Аарон редко скучал, а если такое и случалось, он быстро находил то, чем мог себя занять. Он запросто мог выучить новый язык просто потому, что захотел или заскучал. Немецкий, французский, испанский, корейский, латынь и древнегреческий — и он не собирался на этом останавливаться, ведь совершенству нет предела. Он обладал выдающейся памятью, но совершенно не запоминал имена людей, которые ему были безразличны или неинтересны. Цитировать Хайдеггера и Дюма на языке оригинала? Легко. Сказать, когда была сто восемьдесят седьмая по счёту война гоблинов? Проще некуда. Назвать столицы и самые большие города всех стран мира? Он уже готов был начать. Но вспомнить, как зовут однокурсника с Хаффлпаффа, который вот уже семь лет сидит прямо перед ним на каждой паре Зельеварения? Нет, спасибо за попытку.

Он часто делал нычки с разными вредными вкусностями: кексами, чипсами, шоколадными батончиками и газировкой, но к вечеру того же дня запас опустошался Джо и Бьянкой, и Аарону приходилось искать новое место для своего клада, который, впрочем, ожидала та же участь.

Друзья говорили, что его слабостью были пристрастия и зависимость: от кофе, алкоголя, табака, сладостей, лёгких наркотиков, но он так не считал. Наоборот, зависимость приносила ему ощущение ясности и покоя, которые ему были так необходимы. К тому же не так часто Аарон мог подарить себе такие вечера.

Он любил проводить ночи с бокалом хорошего вина и Джо. И Джо он любил. Эта любовь росла медленно, словно плющ, каждый день дюйм за дюймом до тех пор, пока однажды утром, проснувшись, он не осознал, что полностью обвит им по рукам и ногам. И тогда, наверно, он немного испугался, потому что Джо ни в коем случае не должна была об этом узнать.

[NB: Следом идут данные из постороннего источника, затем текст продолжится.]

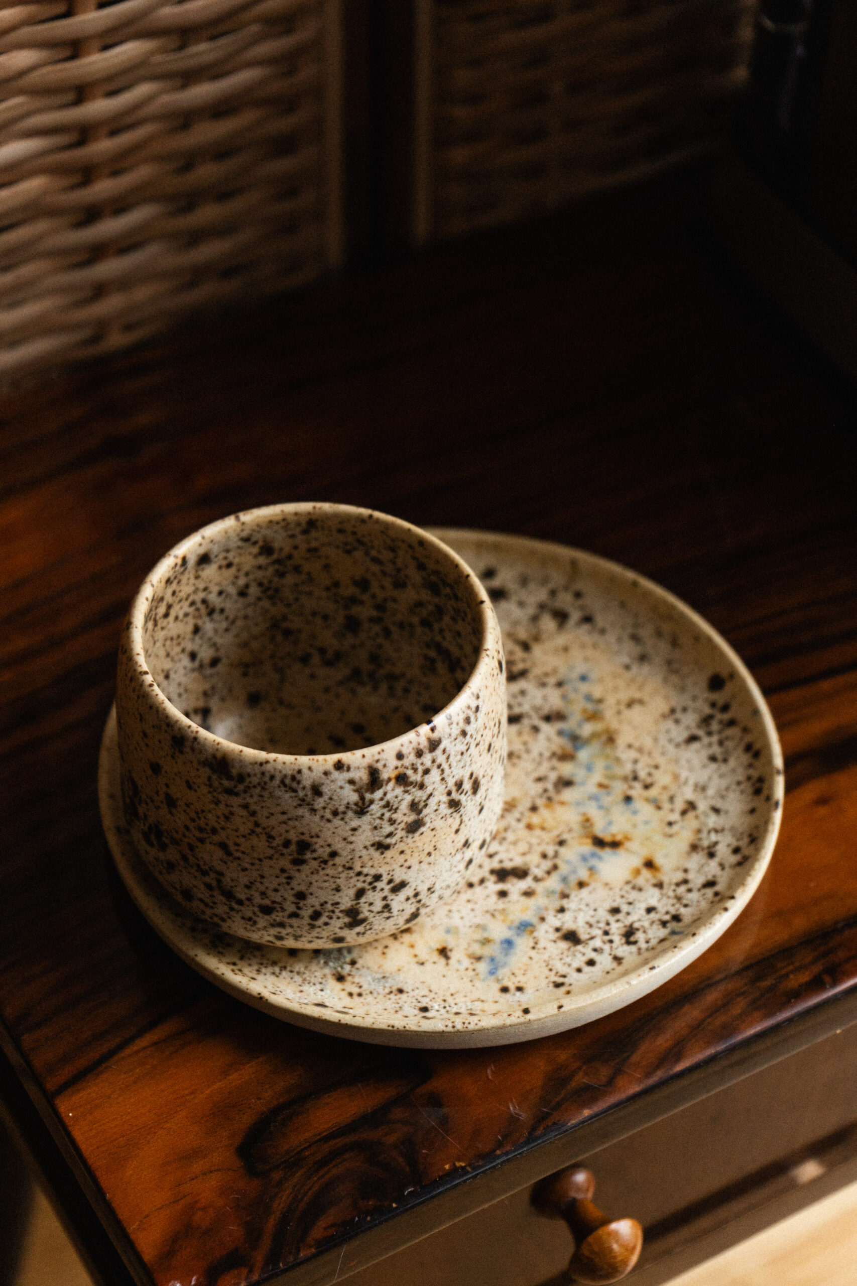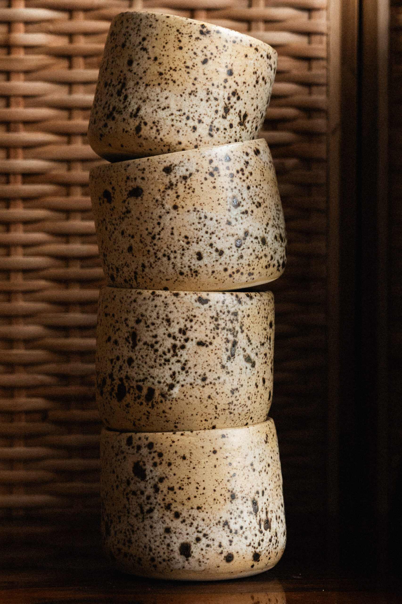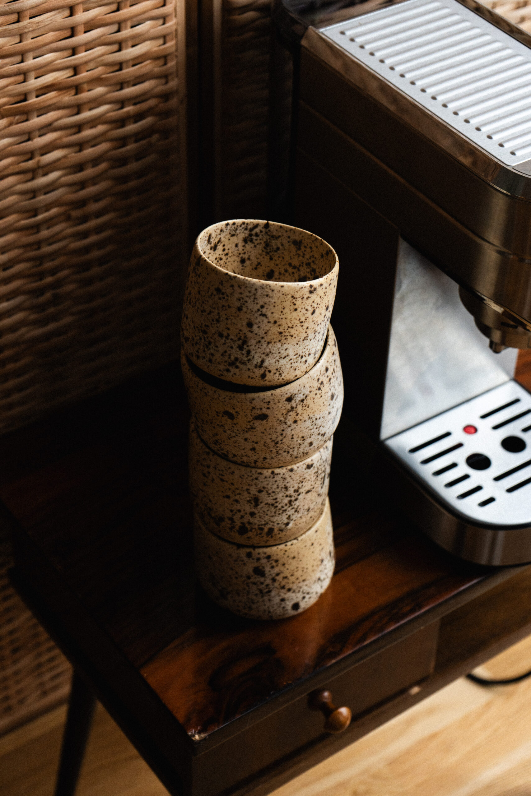 Te czarki, tworzone w całości ręcznie, niosą w sobie zarówno surową naturalność i precyzję rzemiosła. Każda z nich jest jedynym w swoim rodzaju małym dziełem sztuki – ozdobiona niepowtarzalnym układem plamek szkliwa, które czynią z codziennego rytuału picia kawy czy herbaty doświadczenie pełniejsze, głębsze i bardziej osobiste. Przeznaczone do kontaktu z żywnością oraz wodą.

Аарон знал, что он был проблемным, но его это не волновало, потому что в библиотеке его всегда ждала очередная увлекательная книга, а на Астрономической башне — кальян и клубы сизого дыма. Аарон всегда молчал и никогда не просил о помощи, потому что был достаточно умён и смел, чтобы справиться со всем самостоятельно. Потому что должен был справиться со всем самостоятельно.

Он не был бессердечным, как почему-то думали многие. Он просто был сильным.


* * *


Бьянка сползла по стене и, закрыв ладонями лицо, разрыдалась. Рыдания становились всё громче и громче, слёзы душили её, дыхание стало рваным, а тело сотрясала крупная дрожь. Сейчас она не была той жизнерадостной наивной девочкой с Хаффлпаффа, какой её привыкли видеть другие.

Та она носила несоразмерно большие свитера — мягкие, яркие и обязательно с различными забавными рисунками на них. Да, у неё была целая коллекция свитеров с изображёнными на них енотами, котиками, малышами корги и барсуками, конечно. Та Бьянка любила юбки в пол и массивные ботинки, большие сумки, в которых непременно находилось всё, что нужно, постоянно боролась с кудрями и тщетно пыталась избавиться от родинок на плечах. Джо и Марко постоянно говорили, что не нужно было ей этого делать, что то были её особенности, которые делали её волшебной, но сама Бьянка так совсем не считала. Слишком много комплексов, которые в неё вселили люди, причём те, кто, казалось бы, был ближе всех, и которые она восприняла слишком близко к сердцу. «Ты никогда не думала о том, чтобы избавиться от этих уродливых родинок?..», «Я думаю, тебе бы больше подошли прямые волосы…» «Да, конечно», — отвечала она, улыбнувшись и начав ломать себя кость за костью, желание за желанием, принцип за принципом.

Желая казаться весёлой и заводной, Бьянка громко подпевала любимым песням, заразительно смеялась и улыбалась во все тридцать два, шутила над друзьями и однокурсниками, то и дело генерируя гениальные остроумные шутки. Именно она была инициатором постоянных битв розыгрышей, выходящих из-под контроля. Преподаватели знали, кто стоял за всем этим, но ни разу за все семь лет обучения Бьянка не была наказана, что просто выводило Джо из себя. Стараясь выделиться из толпы, она постоянно красила волосы и ногти во все цвета радуги, и никто не мог предсказать, в каком цвете пройдёт новый день. Она играла на электрогитаре и твердила каждому, что жизнь нужно прожить так, чтобы, умирая, жалеть о сделанном, а не о том, чего испугался и что упустил. И несмотря на все усилия, на все её попытки разорвать сложившийся шаблон о тихонях-хаффлпаффцах, она вынужденно сталкивалась с жестокими насмешками: люди считали её слабой девчонкой, самоутверждающейся за счёт нелепых трюков, и мало кто знал, что всё было совсем не так, что всё это — лишь образ, который стал её защитным коконом на ту боль, что причинили Бьянке некогда близкие ей люди.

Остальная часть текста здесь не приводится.